[Extracted records]

· · · · ·

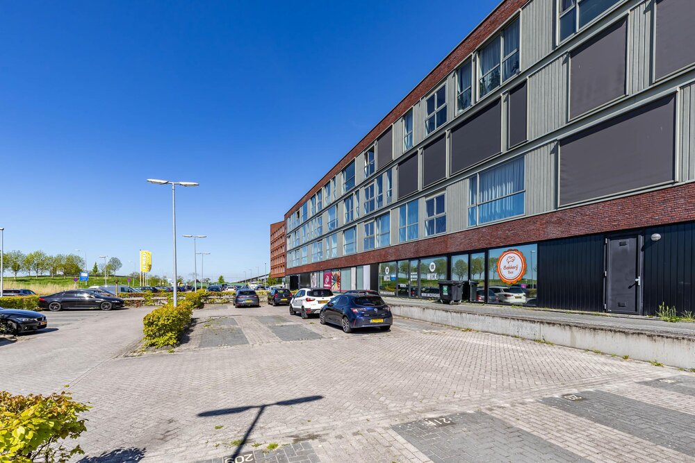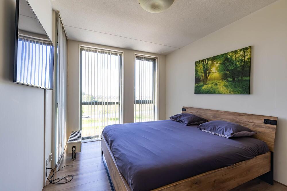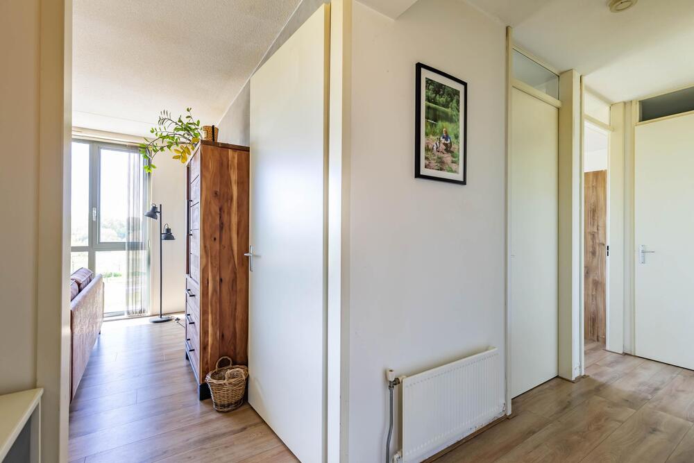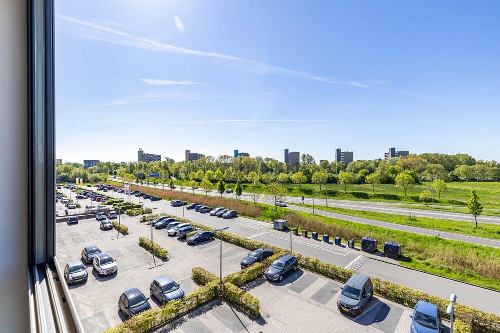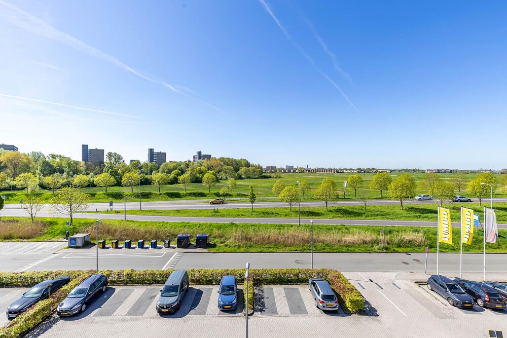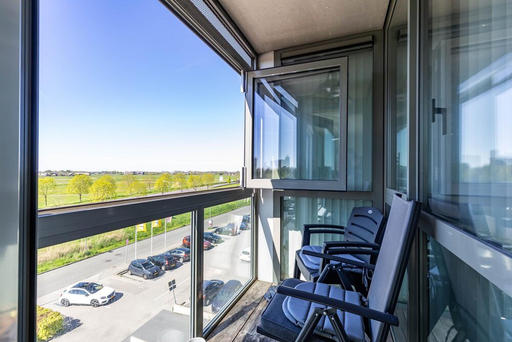 Balkon (ca. 2 m2) op het zuiden met uitzicht op het parkeerterrein, de Friesestraatweg en de weilanden.
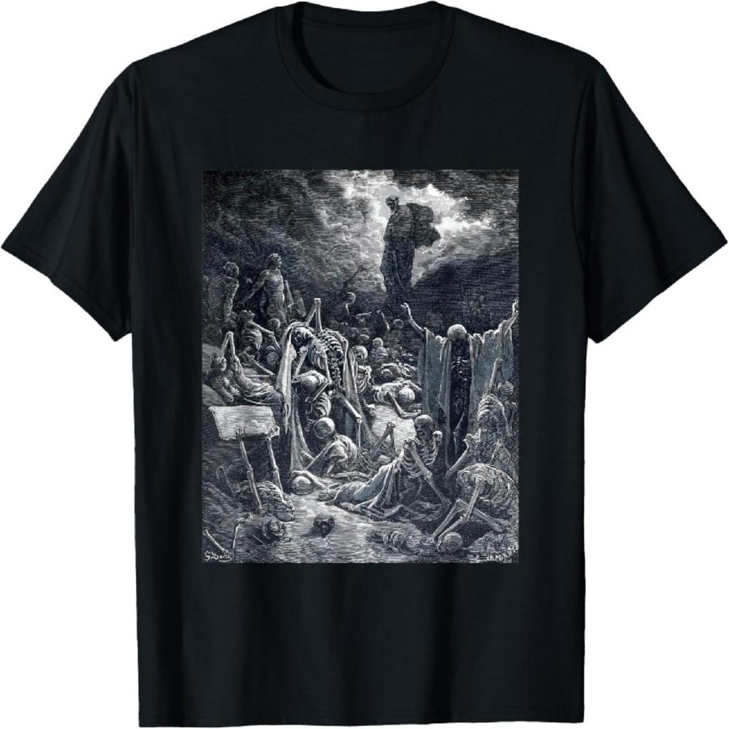 Унисекс-взрослые Черная Маленькая Классическая посадка Винтажная футболка Видение долины сухих костей Гюстава Доре (1866) - Футболка «Религиозное искусство»
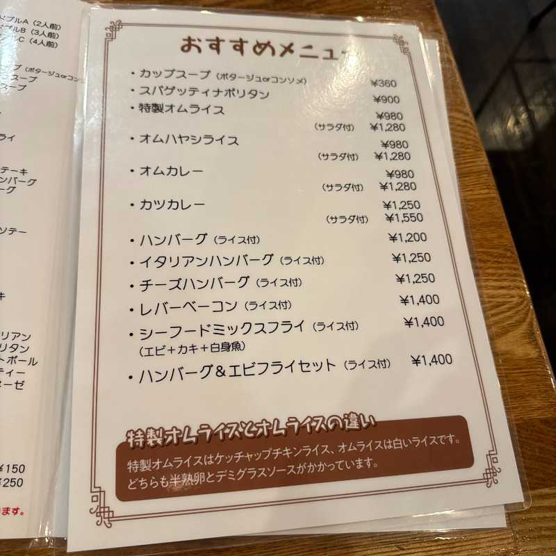 人気メニューはナポリタンや、ふわふわ卵とデミグラスソースが自慢の特製オムライスなど。
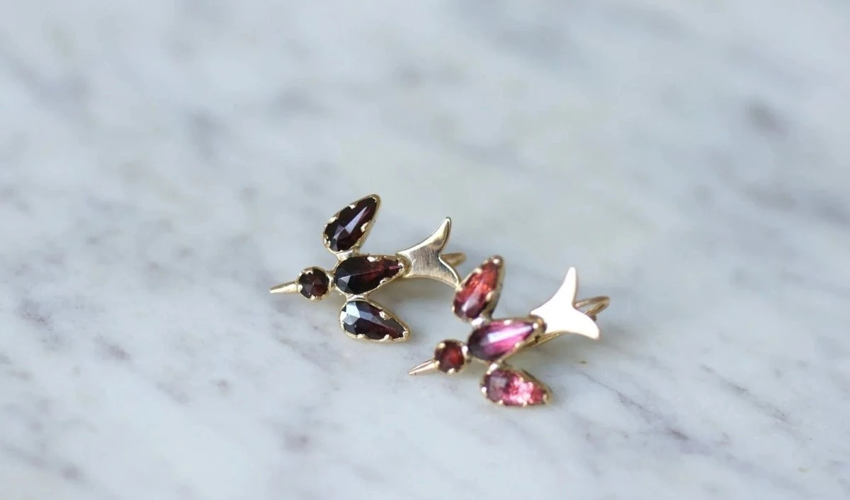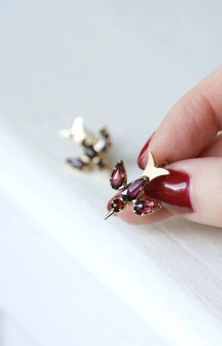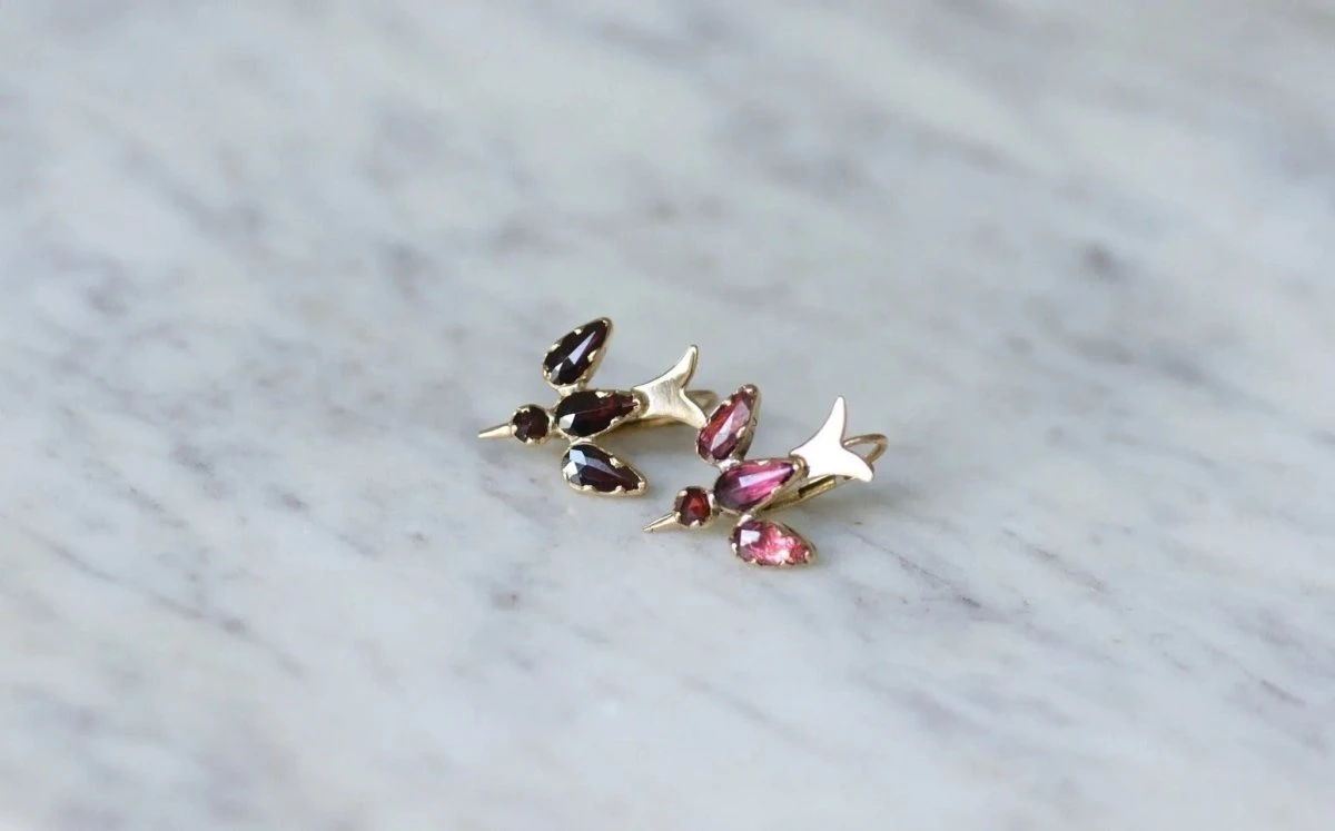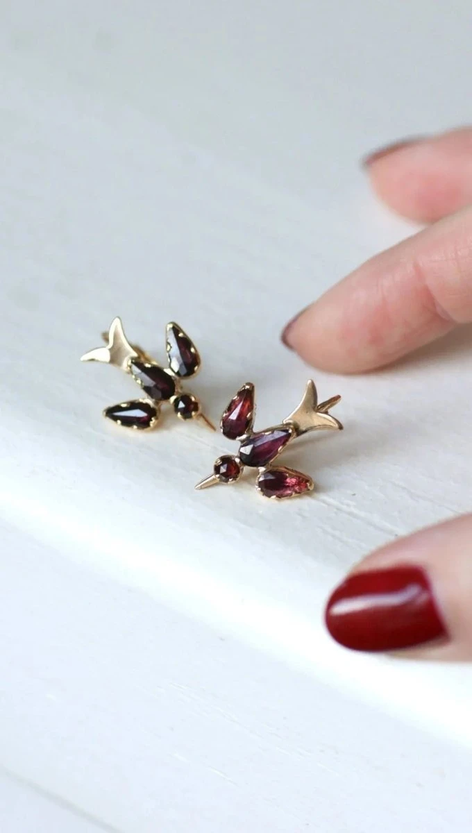 Boucles d’oreilles dormeuses, colombes en or rose 18kt (poinçon : tête d’aigle) serties de grenats de Perpignan montées sur paillon.
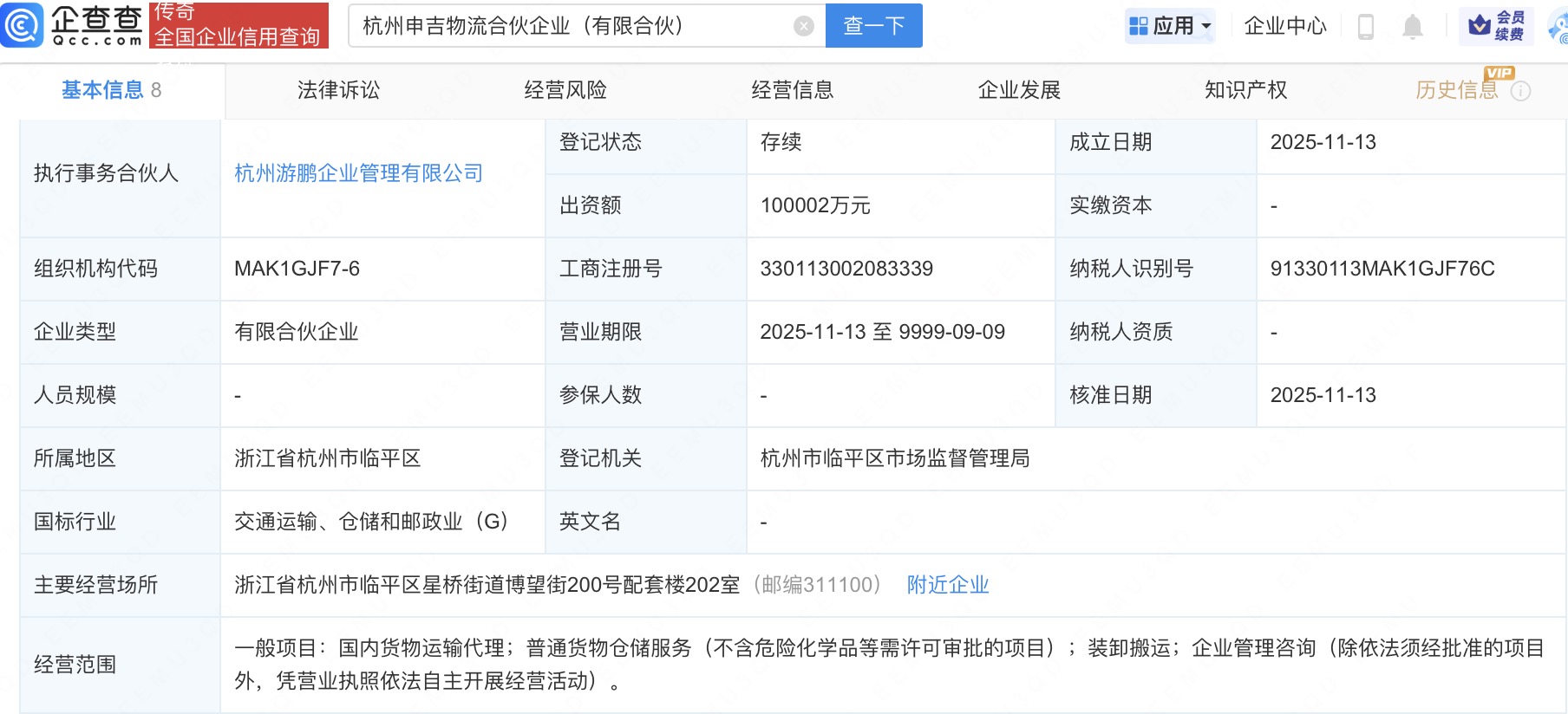 近日,杭州申吉物流合伙企业(有限合伙)成立,出资额约10亿元,经营范围包含:国内货物运输代理;普通货物仓储服务(不含危险化学品等需许可审批的项目);装卸搬运;企业管理咨询。企查查股权穿透显示在线实盘配资炒股平台开户,该企业由浙江菜鸟供应链管理有限公司旗下杭州游鹏企业管理有限公司、中国人寿保险(集团)公司旗下国寿置业投资管理有限公司、吉仓三期股权投资基金(北京)合伙企业(有限合伙)共同出资。
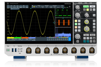 The Rohde & Schwarz MXO38 oscilloscope offers 8 channels, a bandwidth of up to 1 GHz and a record refresh rate of over 4.5 million waveforms per second, which captures even the rarest anomalies. With a 12-bit ADC and low noise, it provides unmatched display accuracy, while the large memory and 12” touch screen guarantee maximum comfort when analyzing complex signals.
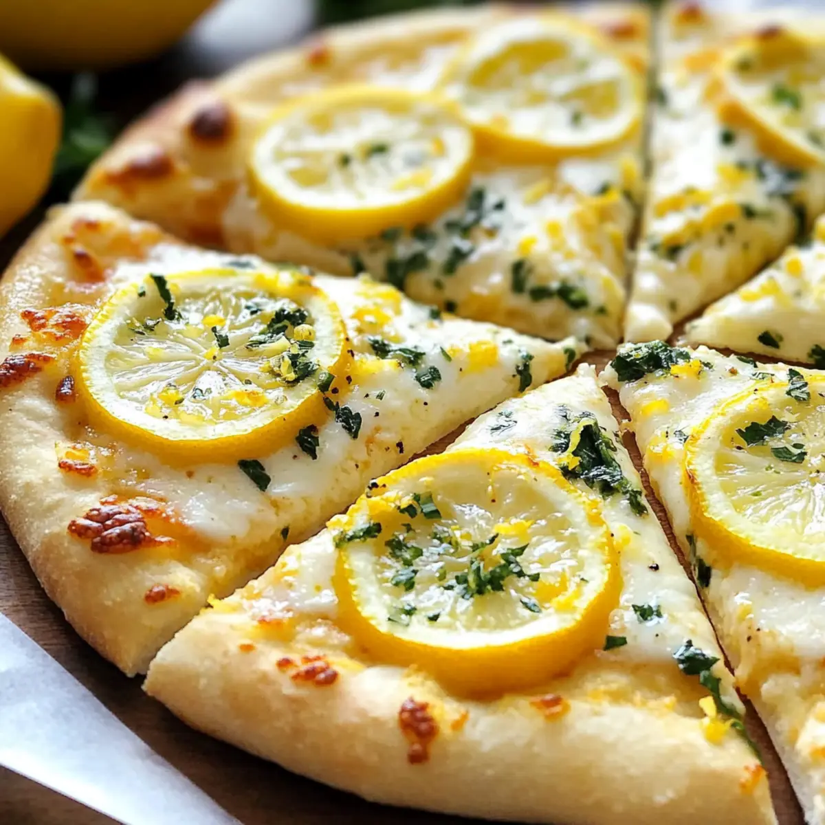 Once baked, remove the Lemon Pizza from the oven and drizzle it with a bit of fresh lemon juice for an extra punch of flavor. Sprinkle grated parmesan and additional chopped parsley on top before slicing. This vibrant dish is perfect for sharing and is sure to impress anyone lucky enough to enjoy it.

· · · · ·

▶ YOUR ASSIGNMENT: Give back every record precisely as it stands, without the images.

▶ TASK ANSWER:
 Balkon (ca. 2 m2) op het zuiden met uitzicht op het parkeerterrein, de Friesestraatweg en de weilanden.
 Унисекс-взрослые Черная Маленькая Классическая посадка Винтажная футболка Видение долины сухих костей Гюстава Доре (1866) - Футболка «Религиозное искусство»
 人気メニューはナポリタンや、ふわふわ卵とデミグラスソースが自慢の特製オムライスなど。
 Boucles d’oreilles dormeuses, colombes en or rose 18kt (poinçon : tête d’aigle) serties de grenats de Perpignan montées sur paillon.
 近日,杭州申吉物流合伙企业(有限合伙)成立,出资额约10亿元,经营范围包含:国内货物运输代理;普通货物仓储服务(不含危险化学品等需许可审批的项目);装卸搬运;企业管理咨询。企查查股权穿透显示在线实盘配资炒股平台开户,该企业由浙江菜鸟供应链管理有限公司旗下杭州游鹏企业管理有限公司、中国人寿保险(集团)公司旗下国寿置业投资管理有限公司、吉仓三期股权投资基金(北京)合伙企业(有限合伙)共同出资。
 The Rohde & Schwarz MXO38 oscilloscope offers 8 channels, a bandwidth of up to 1 GHz and a record refresh rate of over 4.5 million waveforms per second, which captures even the rarest anomalies. With a 12-bit ADC and low noise, it provides unmatched display accuracy, while the large memory and 12” touch screen guarantee maximum comfort when analyzing complex signals.
 Once baked, remove the Lemon Pizza from the oven and drizzle it with a bit of fresh lemon juice for an extra punch of flavor. Sprinkle grated parmesan and additional chopped parsley on top before slicing. This vibrant dish is perfect for sharing and is sure to impress anyone lucky enough to enjoy it.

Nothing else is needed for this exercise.